12.3 Sole Remedy for Termination. The remedies provided in Section 12.2(a)
---------------------------
and (b) shall constitute the sole and exclusive rights and remedies of
the Purchaser, on one hand, and of the Company and the Stockholders,
on the other, against the other in the event of any termination of
this Agreement by any party for any reason and/or breach of this
Agreement by any party prior to the consummation of the Closing under
this Agreement. Notwithstanding anything contained in this Agreement
to the contrary, except for the right of Purchaser to terminate this
Agreement under Section 12.1(b) above and to receive the return of the
Standstill Payments and receive payment of $150,000 from the Company
as provided in Section 12.2 above, Purchaser hereby acknowledges and
agrees that it shall have no right to seek or pursue damages, specific
performance and/or any other rights or remedies, whether at law or in
equity, against the Company and/or against any of the Stockholders for
or on account of or in connection with any breach of or failure or
refusal to perform any of their respective obligations under this
Agreement (regardless of whether such breach or failure or refusal to
perform is intentional or unintentional).
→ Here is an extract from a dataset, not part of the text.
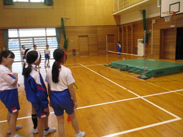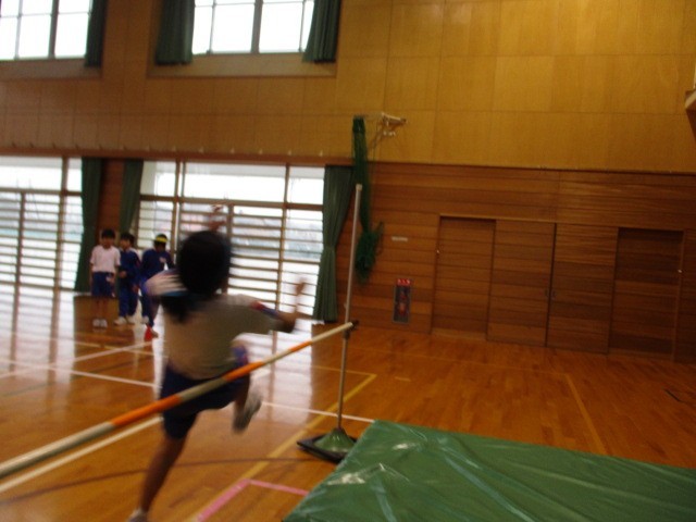 体育科の高跳びでは、子供たちの腰ぐらいの高さのバーを、5~7歩で踏み切る練習をしました。中には背面跳びができる子も出てきました。

Notwithstanding anything
contained in this Agreement to the contrary, except for the right of
the Company or the Stockholders to terminate this Agreement under
Section 12.1(a) or (b) above and to retain the Standstill Payments
and/or receive payment of $150,000, as the case may be, from Purchaser
as provided in Section 12.2 above, the Company and the Stockholders
hereby acknowledge and agree that it shall have no right to seek or
pursue damages, specific performance and/or any other rights or
remedies, whether at law or in equity, against Purchaser for or on
account of or in connection with any breach of or failure or refusal
to perform any of its obligations under this Agreement (regardless of
whether such breach or failure or refusal to perform is intentional or
unintentional). The parties acknowledge that the foregoing limitations
on the liability of the parties hereto and on the rights and remedies
of the other parties are a material inducement to the parties entering
into this Agreement. Purchaser shall be responsible for any and all
reasonable legal and other costs and expenses paid or incurred by the
Company or the Stockholders (or any of them) in enforcing the
foregoing limitations on their liability. The Company and the
Stockholders shall be responsible for any and all reasonable legal and
other costs and expenses paid or incurred by the Purchaser in
enforcing the foregoing limitations on its liability.
ARTICLE XIII
MISCELLANEOUS
13.1 Entire Agreement. This Agreement, which also includes the Exhibits
----------------
and Schedules hereto, sets forth the entire agreement and
understanding among the parties and merges and supersedes all prior
discussions, agreements and understandings of every kind and nature
among them as to the subject matter hereof, and no party shall be
bound by any condition, definition, warranty or representation other
than as expressly provided for in this Agreement or as may be on a
date on or subsequent to the date hereof duly set forth in writing
signed by each party which is to be bound thereby. Except as otherwise
expressly provided herein, the foregoing is not intended to supersede
or otherwise affect the respective rights and obligations of the
parties under the Standstill Agreement dated October 31, 1997, the
Reciprocal Telecommunications Agreement or the Confidentiality
Agreement.
13.2 Amendments. This Agreement (including the Exhibits and Schedules
----------
hereto) shall not be changed, modified or amended except by a writing
signed by each party to be charged, and this Agreement may not be
discharged except by performance in accordance with its terms or by a
writing signed by each party to be charged. The rights and remedies of
the parties hereunder are cumulative and not exclusive of any other
right or remedy any party may have. No failure or delay by any party
hereto in exercising any right, power or privilege shall operate as a
waiver of any such right, power or privilege, except as expressly set
forth in this Agreement. No waiver of any default shall constitute a
waiver of any other or any subsequent default. No single or partial
exercise of any right, power or privilege shall preclude the further
or other exercise of the same or other right, power or privilege.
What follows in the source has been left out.